DeepSLAM project aims to Develop an end-to-end deep neural network simultaneously capable of (a) Object Detection, and (b) Re-identification/Tracking
(a) Object Detection using RGB images/videos.
(b) Object Re-identification over multiple frames.
This all-in-one solution provides a better level of information integrity and reuse. In doing so, a local belief of the surrounding area is trained with occupancy grid to generate a local implicit map to capture dynamic road condition. Then local coarse implicit mapping is then combined with global accurate road information for above goals.
F6-M Adaptive Manifold Learning for Multi-Sensor Translation and Fusion given Missing Data
The goal of this work is to translate streams of data from individual sensors into a shared manifold-space for joint understanding and processing. This work includes investigation of computational topology for manifold learning, data summarization, and intrinsic dimensionality estimation. In practice, for a given application, processing chains are generally developed for a particular sensor or set of sensors.
F9-V Quasi-Supervised-Learning for SAR Image Recognition
Current synthetic aperture radar (SAR) image recognition systems suffer from significant degradation when the systems are trained with synthetic images but tested with real measured images. To address this issue, the project is aimed at developing a quasi-supervised-learning approach for SAR image recognition. The key idea is transfer learning with quasi-supervised training procedures.
F10-V Robust PCA with Outlier Mitigation
Principal Component Analysis (PCA) has been widely used in computer vision and machine learning applications due to its excellent performance in compression, feature extraction and feature representation. However, PCA suffers from severely degraded performance when outliers exist in datasets. To address this issue, the project is intended to develop a robust PCA algorithm, capable of mitigating outliers. The key idea is to leverage a popularity index for each sample so that outliers will contribute little in finding the projection matrix of the PCA.
M1-V DeepCompression: Deep Learning in Future Video Coding
Conventional video coding methods optimize each part separately which might lead to sub-optimal solution. Motivated by the success of deep learning on computer vision tasks, we are proposing deep learning for video compression in an end-to-end manner.
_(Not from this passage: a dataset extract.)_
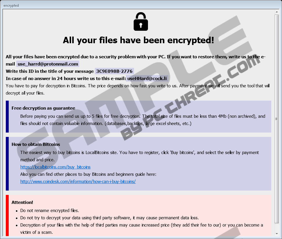 Eight RansomwareThe name of Eight Ransomware does not make any sense. Are there threats named One Ransomware, Two Ransomware, and so on? Does the number mean something to the attacker? It would be truly fascinating to know what goes on through the mind of a cybercriminal when he or she creates a new infection and releases it into the virtual world. Unfortunately, it does not look like we will ever get that opportunity. Of course, the name of the threat is the least of our concerns. This malware is a new variant of the infamous Phobos Ransomware, just like Blend Ransomware and tons of other malicious threats. They all exploit spam emails, downloaders that cannot be trusted, and general system and application vulnerabilities to slither in. Unfortunately, victims of this malware do not know what is going on until all personal files are encrypted. At that point, it is too late to stop the infection. Of course, it is important to remove Eight Ransomware regardless of what has happened inside your operating system. Although Eight Ransomware slithers in and encrypts files silently, this dangerous infection does not remain completely quiet for long. As soon as files are encrypted, the “.id[{ID}].[use_harrd@protonmail.com].eight” extension is added to their names. Next to the encrypted files, you are likely to find a file named “info.txt.” It is safe for you to open this file, but you have to be extremely careful about the information that you are exposed to. The file delivers a message, according to which, you must email use_harrd@protonmail.com or useHHard@cock.li if you want to restore the encrypted files. There is one other file dropped by Eight Ransomware, and this one is called “Info.hta.” It is responsible for launching the “encrypted” window on your screen as soon as files are encrypted and every time you restart your computer. You cannot escape this window until you delete the HTA file, which you can learn how to do manually using the removal guide below. This file opens a window with a longer message, which in general, is just the extended version of the message that is delivered via the “info.txt” file. The ransom note introduced by Eight Ransomware informs that you need a special tool to decrypt files and that you have to pay money for it. The note suggests sending five of the encrypted files to the attackers so that they could decrypt them and prove to you that you can have all files restored as soon as you pay the ransom. The sum and the payment details are not revealed, but you are bound to receive this info if you email the attackers. Is this something you should do? It is not. First of all, if you initiate communication with Eight Ransomware cybercriminals, you could be opening a Pandora’s box. At first, the attackers would incessantly push you to pay the ransom, but once they get what they want, they are unlikely to let go of you. Even if they do not try to terrorize and scam you themselves, they could pass your email address on to other schemers. Furthermore, if you pay the ransom, you are unlikely to receive any tools that would decrypt files. You can try finding a free decryptor – which did not exist at the time of research – but you should definitely not rely on cybercriminals. In the best-case scenario, you can replace the corrupted files with backups. We cannot know where the launcher of Eight Ransomware is on your computer, which is why we cannot guarantee that you will be able to delete this malware manually. Of course, if you can detect and delete this file, you should be able to follow the instructions below that show how to eliminate the remaining components. The alternative to manual removal is automated removal. In this case, you need a legitimate anti-malware program that can thoroughly scan your operating system and then erase all active infections. Hopefully, there are no other threats, but if ransomware has slithered in, it is hard to say what other silent threats could be present. The full elimination of malware is not the only reason to implement anti-malware software. Once you have Eight Ransomware deleted, this software can continue protecting you, and that is even more important than you might think right now. Eight Ransomware Removal
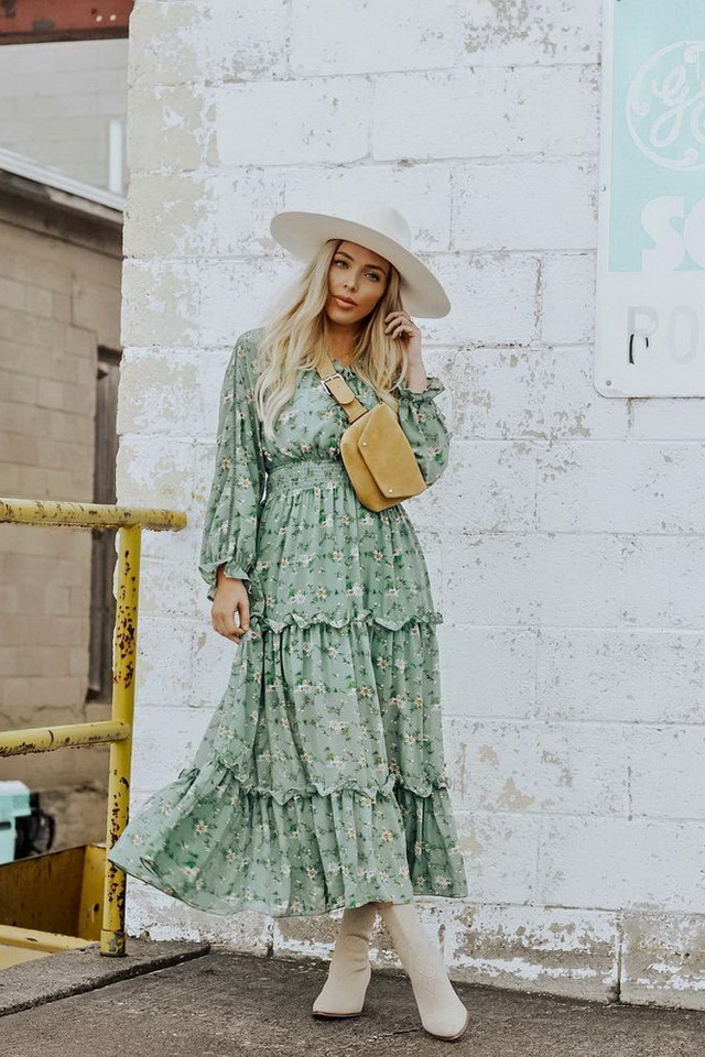 Как и в случае с коротким нарядом в цветочек, черные байкерские или ковбойские сапоги обеспечат очень модный контраст с длинным воздушным платьем.

M2-T Point Cloud Denoising
We propose to tackle denoising problem using deep learning into two folds: outlier removal and denoising. We used two stage deep learning pipeline where first stage acts as a binary classifier that classifies 3d points either as outlier or non-outlier. The second stage receives non-outlier and noisy points from the first stage and learns the underlying manifold to produce residual noise from the reference(true) surface.
M6-A Deep Learning for Energy Usage Prediction in Sustainable Building Design
The objectives of this research are: (1) Develop a unified and accurate deep learning based regression model for predicting energy usage of different building types. (2) Develop a zero shot learning approach (using an ontology of building types) to accurately predict energy usage of building types whose data are not available during training. (3) Evaluate the deep learning model against traditional machine learning models. If successful, the proposed research can accurately model the energy usage of a variety of building types for architects and engineers (at design time).
O1-H Semantic Deep Learning for Electronic Health Records
We propose a novel “Semantic Deep Learning” method to analyze the electronic health records of real patients. Our previous work as successfully used a hypergraph- based approach in the clinical text notes from Stanford Hospital’s Clinical Data Warehouse (STRIDE).
O2-M Ontology-based Deep Learning with Explanation for Human Behavior Prediction
The goal of this project is to evaluate contemporary techniques for deep learning model explanations and utilize DL Explanation approach for improving model interpretability.
O3-B Ontology-based Interpretable Deep Learning for Consumer Complaint Explanation and Analysis
In this project, we will investigate ontology-based explainable deep learning (OBDL) algorithms for textual data to identify key factors, concepts, and hypothesis that significantly contribute to the decision made by deep neural networks.